Cheating a bit - this is from last July, but it does show the more rugged terrain north of Quito.
     Our plan was to spend one night in a hotel before moving into our new ‘home’ the next day – a chance to incubate a little between experiences.  A full rainbow over the Imbabura volcano seemed like a good omen for our time in this area.  By the middle of the next day however, we still had not made contact with Margot, the woman who runs the program we had come to join.  The hotel people know Margot, and they were in no hurry to push us out, so we simply enjoyed a quiet day, caught up on some reading, and speculated about what lay ahead.  Finally, a call proved successful, and Margot’s husband Marcelo came to pick us up from the hotel for the 3-4 mile ride to Esperanza de Azama, a community of about 2700 people.
     By now, some readers may be wondering about all the names beginning with M.  Monica helps to run UBECI, Marlene was our home-stay ‘mother’, Maggie runs the hotel in Otavalo, and Margot and Marcelo are our hosts here. Two other volunteers here are Monica from Mexico, and Maria from Spain. It is curious to say the least.

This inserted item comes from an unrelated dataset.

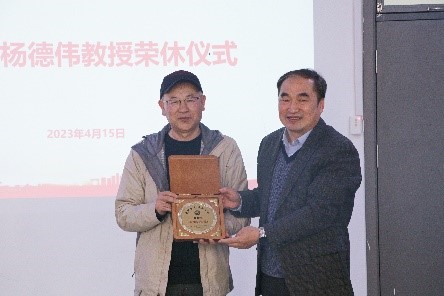 系主任姜烨老师感谢杨老师为能动系教学科研工作、人才培养做出的贡献,并向杨德伟教授献花。学院陈书记给杨老师颁发了荣誉退休奖章,工会主席马老师给杨老师赠送了纪念品。

The main square of Esperanza de Azama - the green house on the left is our 'home'. You can just see Emma in red on the far right playing football.

     The transition from the tranquility of the hotel to the new home could hardly have been more stark, though not in an unpleasant way.  This is a large home on the edge of a small square in the community.  On our arrival, we were greeted by about ten adults whose names we are still trying to figure out, and innumerable children running around the home.  Preparations were being made for a fiesta the next day to celebrate the college graduation of five members of the community. Margot informed us that this is particularly special, because this now brings the number of people of this community with degrees to seven.  I cut up more chicken and cleaned more potatoes in one evening than I had in the previous year alone.  The house buzzed with activity, and Emma was quickly abducted by Margot’s fourteen year old daughter Nicole and other kids (they ended up watching clips of horror films on YouTube).
     By about 9:00 in the evening, many of the extended family left for their own homes, leaving a mere fifteen or so who actually sleep here, including four other volunteers (two from Spain, one from Mexico, and one from Idaho).  We had an opportunity to organize our belongings, with Emma very excited because for the first time in a month she actually had a room to herself rather than sharing with her parents.
     The weekend was spent adjusting to our new surroundings – not too hard given that this area nests in between several large mountains, most notably the Imbabura volcano (inactive).  The community itself sits mostly on one cobblestone street, a succession of small fields of mostly maize – a kind of farm-burbia.  Many of the homes bear the hallmark identity of being incomplete.  Some even have the ground floor doorways and windows bricked up as security measures as if the owners know that years could pass before they are ever occupied. Many feature a similar bay window structure that veers more towards a fortress look than something more pleasing. The ‘modern’ home look is often accompanied by a cow on a short tether in front, and there are about as many dogs as people.
     The early evening reveals an outdoor culture, with volleyball a popular game here, while families gather outside their homes and greet us pleasantly as we walk by. Some are still working – an elderly indigen couple push a barrow load of freshly cut maize along the road, while others sit by the side of the road soaking up the evening atmosphere.  
     The home lifestyle contrasts sharply from our time in Quito.  There, with the small family, Marlene cooked all our meals and we lived in a modest apartment in the city.  Here there is much more space, but also a lot more people who share something approaching a ‘commune’ style of living.  We share the large kitchen facilities, preparing our own breakfast, while Marcelo is the one to cook lunch that is the main meal of the day.  The evening is less structured, with different family members or volunteers preparing their own meals, but sharing the kitchen for conversation, card games, or, for Emma and Nicole, dance practice. It is a major shift from being at home and being torn between watching TV or doing school work.
Two weeks of laundry by hand - The Whirlpool looks pretty good now.
      At the time of posting this, we have already spent four days working in the schools here.  Stories on this will have to wait for the next blog entry.  We’re just happy we don’t have to worry about the possibility of yet another snow day tomorrow!! In the meantime, there are some mountains to enjoy.




Sunday, March 3, 2013

Two Days in Cuenca


February 25th & 26th
 
     The old city of Cuenca is a tourist dream – quaint, cobblestone streets, an outdoor café culture, a colonial church seemingly on every corner, bustling markets, and an ever-changing array of architecture to admire. Granted, there are diesel fumes from the buses to contend with, and some streets on which drivers compete with each other as if at the Monaco Grand Prix, but for the pedestrian with time to amble, Cuenca offers a visual feast of outstanding interest.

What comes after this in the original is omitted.